Les préjugés ayant la peau dure, une petite taille reste un inconvénient pour un jeune joueur au moment d’être recruté. “Je n’ai jamais été très grand. Quand je suis parti de l’île de Madère, à 13 ans, la plupart des gens disaient que je ne réussirais jamais car j’étais trop petit. Puis, entre 15 et 18 ans, j’ai grandi d’un seul coup, pour atteindre ma taille actuelle”, explique Cristiano Ronaldo (1m85). La même mésaventure est arrivée au défenseur central David Luiz. Considéré trop petit par le São Paulo FC quand il était jeune, il mesure aujourd’hui 1m89 et fait le bonheur de l’équipe du Brésil et de Chelsea.
Derrière aussi
Les petits défenseurs se caractérisent souvent par un apport offensif supérieur à la moyenne. L’Allemand Philipp Lahm (1m70), le Brésilien Roberto Carlos (1m68), le Joueur Mondial de la FIFA 2006 Fabio Cannavaro (1m74), le champion du monde 1998 Bixente Lizarazu (1m69) en sont de bons exemples. Sans oublier les gardiens, à commencer par le légendaire portier mexicain Jorge Campos (1m73).

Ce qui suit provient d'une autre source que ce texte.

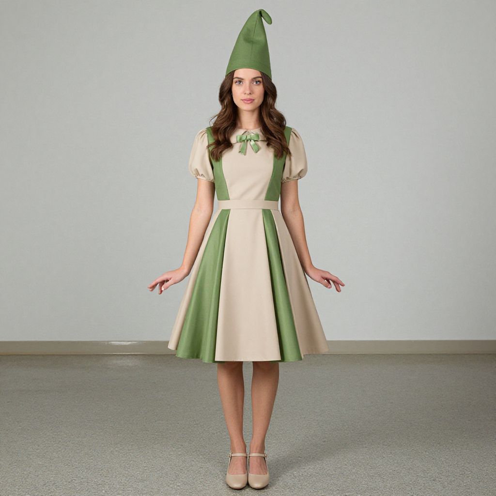 "Woman Forever Gnome Costume Dress, dressed in a green and beige dress and hat"

“Celui qui a tout dès le départ, il ne se fait pas violence. Nous, les petits, quand on s’engage, c’est à 120 %. Le mental, ça fait grandir”

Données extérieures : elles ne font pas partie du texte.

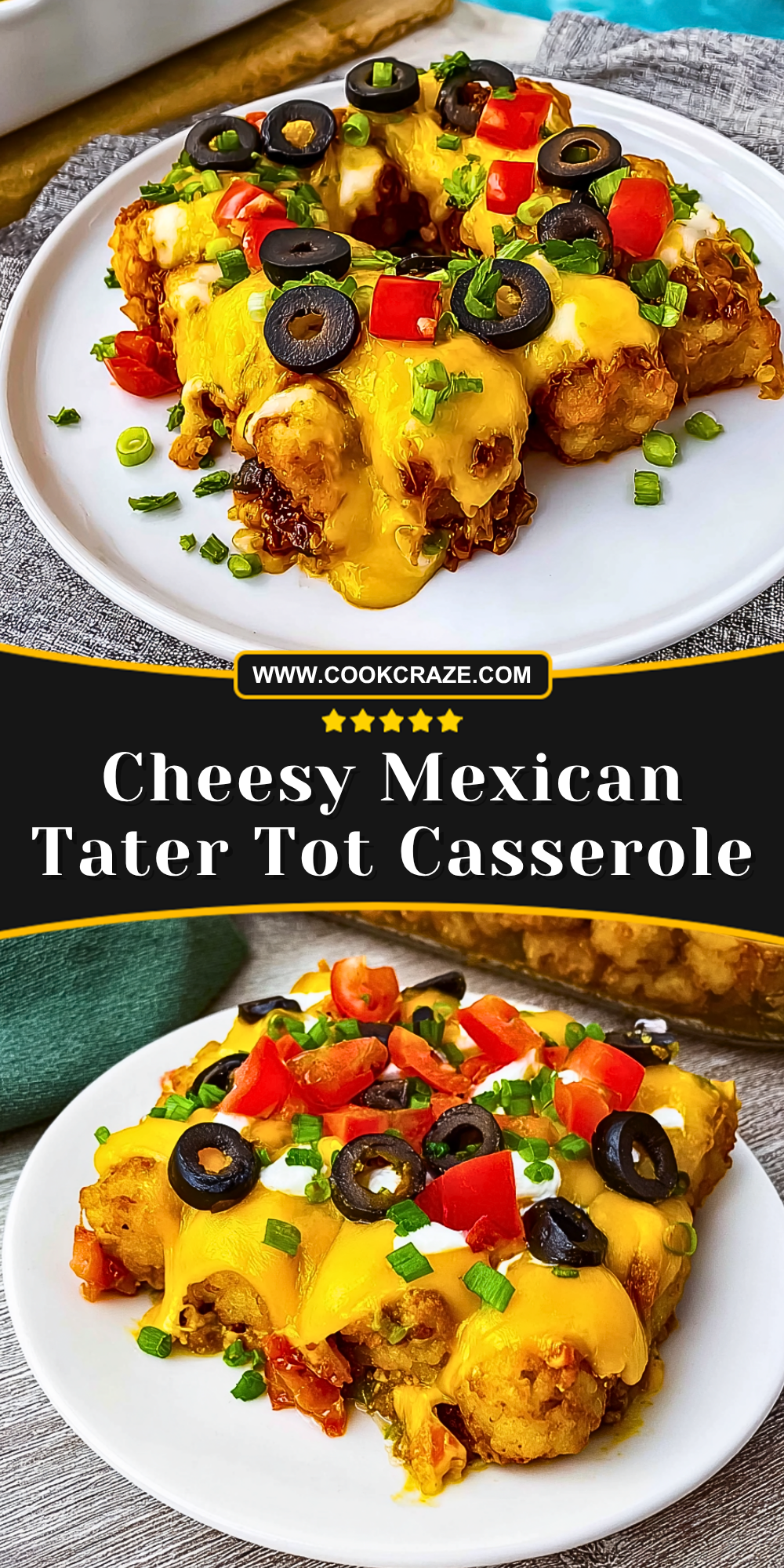Keywords: Cheesy Mexican Tater Tot Casserole, easy dinner, casserole recipe, Mexican casserole, tater tot casserole, dinner ideas, comfort food

Bixente Lizarazu, champion du monde avec la France en 1998
“A 15 ans, le responsable de la section sport-étude de Mérignac m’a affirmé que je n’avais pas le niveau pour être footballeur professionnel. Une vraie claque ! Quand vous êtes gamin et qu’on vous assène que vous êtes trop frêle, ça vous donne la rage. Mais je suis un têtu. J’ai tenu bon. En début de carrière, je pesais 69 kilos pour 1m69. Je me suis épaissi au fil des saisons jusqu’à atteindre 75 kilos. Un physique de petit bison très adapté au duel”, raconte Liza, qui a passé 12 ans en équipe de France, avant de prendre sa retraite internationale en 2004. “Celui qui a tout dès le départ, il ne se fait pas violence. Nous, les petits, quand on s’engage, c’est à 120 %. Le mental, ça fait grandir.”
À l’heure actuelle, les petits continuent de tordre le cou aux préjugés. Nous avons évoqué Messi, Xavi et Iniesta. Dans les rangs barcelonais, on peut également citer David Villa (1m75), Pedro (1m69) ou encore Bojan Krkic (1m71). En Italie, l’Udinese possède l’une des meilleures attaques de Serie A grâce à deux buteurs miniatures, Antonio Di Natale (1m70) et Alexis Sánchez (1m72). Et que dire de Wesley Sneijder (1m70), champion d’Europe en titre avec l’Inter Milan et vice-champion du monde avec les Pays-Bas ? En conclusion, s’il existe bien un domaine où la taille n’est pas déterminante, c’est bien le football.